Japanese Beetle Numbers Down and Injunction on Prop 65 Impact on Glyphosate

Japanese Beetle Numbers Down and Injunction on Prop 65 Impact on Glyphosate

Bob Larson
Bob Larson
From the Ag Information Network, I’m Bob Larson with your Agribusiness Update.

**The Washington State Department of Agriculture’s Pest Program saw its first substantial decline in Japanese beetle numbers this summer in Yakima, Benton and Franklin counties, but over a wider area.

Japanese beetles were first detected in Grandview and Sunnyside in 2020 and mass trapping helped keep the numbers steady in 2021 and 22.

WSDA conducted a treatment for Japanese beetles this spring and hopes to see a further decline next year.

**The U.S. Ninth Circuit Appeals recently affirmed a district court permanent injunction prohibiting California's Proposition 65 warning requirement related to glyphosate.

The proposition did not ban the use of glyphosate, but California attempted to apply Prop 65 to glyphosate in 2017 following the 2015 ruling that glyphosate is an animal carcinogen and a probable human carcinogen.

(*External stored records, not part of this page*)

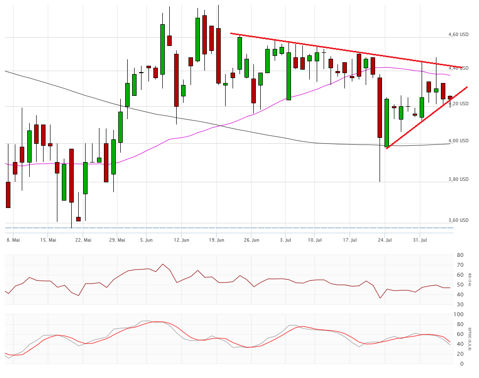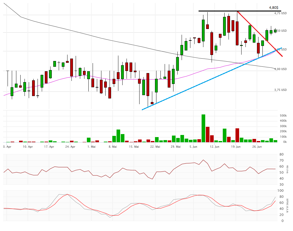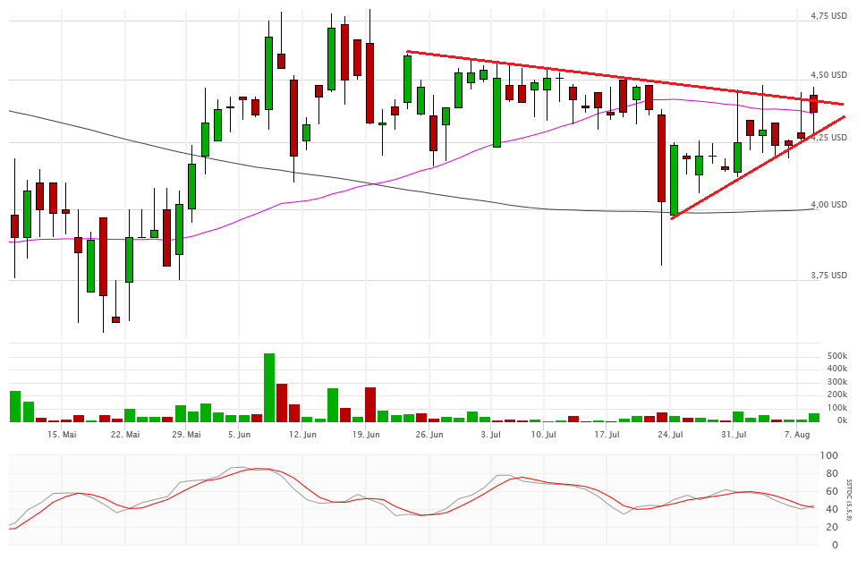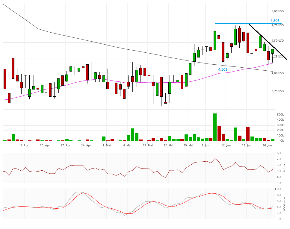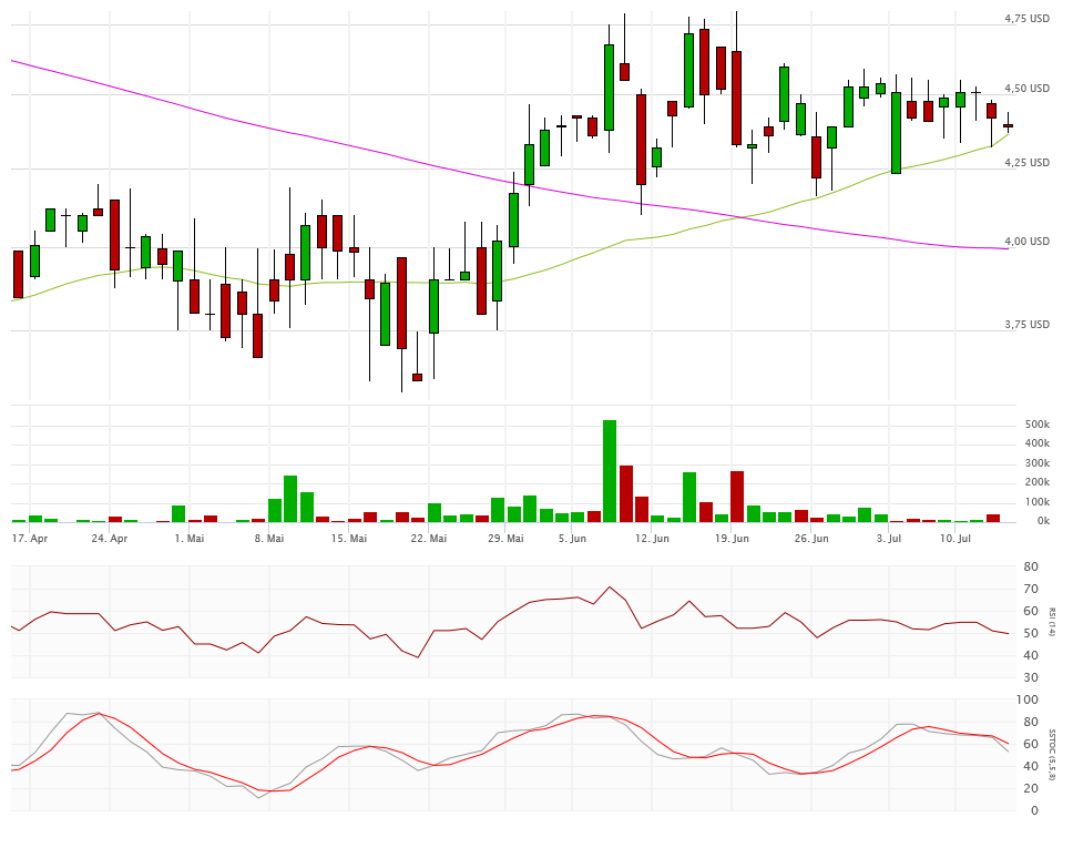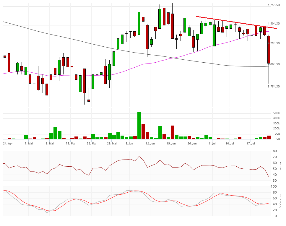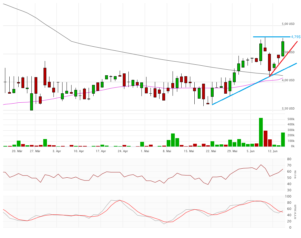 Die beiden Durchschnittslinien kreuzen bullisch, was eigentlich positiv sein sollte. Mit dem Schlusskurs auf Tagestief bei 4,33$ hängt die Aktie nun aber exakt auf der Aufwärtstrendlinie auf. Kann sich die Aktie hier wieder erholen, dann ist auch die 4,80$ wieder ein Thema, sonst droht ein Abrutschen in den Bereich 4,10$ und drunter. Das würde die bullische Kreuzung der Durchschnittslinien zu einem Fehlsignal mutieren lassen.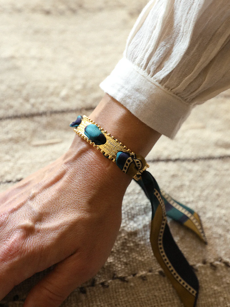 北京仓|AN-NEE-DIVA-棕绿色 夏帕诺瓦 2cm 丝巾手镯[法国设计师]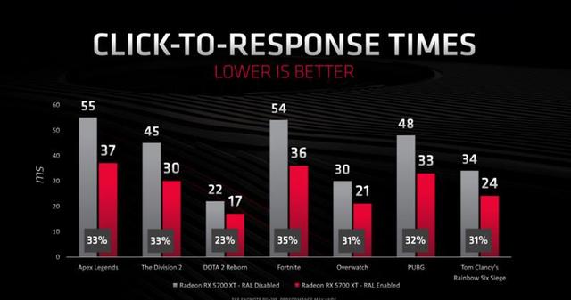 然后是“Radeon Anti-Lag”,简称RAL,可以大大缩短从鼠标点击到游戏响应的时间,幅度基本都在30-35%左右。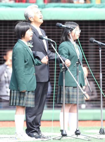試合前、宮城県南三陸町で被災した女子中学生2人と手をつないで国歌を斉唱した。球団から国歌斉唱の依頼を受け、被災者や避難者を元気づけようと自ら企画。「2人は精いっぱい大きな声で歌ってくれた。ナインの心にも届いたと思う」と感激した。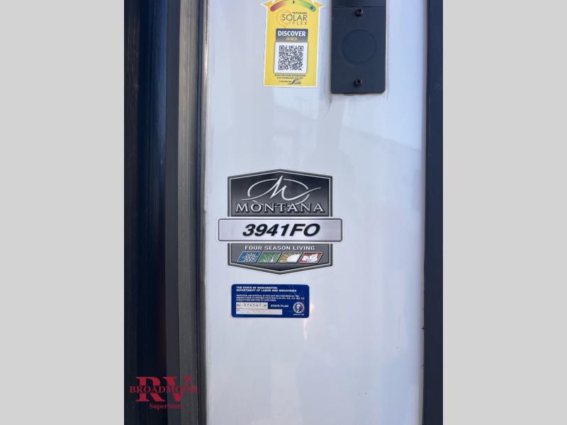 Optional Equipment Installed On This Unit: Residential Living Package, Montana Four Season Living Package, 2" Accessory Hitch, 6-Point Hydraulic Auto Leveling, Solar Flex Discover

The National Association of Wheat Growers welcomed the court's response of a permanent injunction.

**Prices paid for crop seed increased significantly faster than the prices farmers received for crop commodities between 1990 and 2020.

During that period, the average prices farmers paid for all seed rose by 270%, while the crop commodity price index rose 56%.

For crops planted predominantly with genetically modified seed, like corn soybeans, and cotton, those seed prices rose by an average of 463% between 1990 and 2020.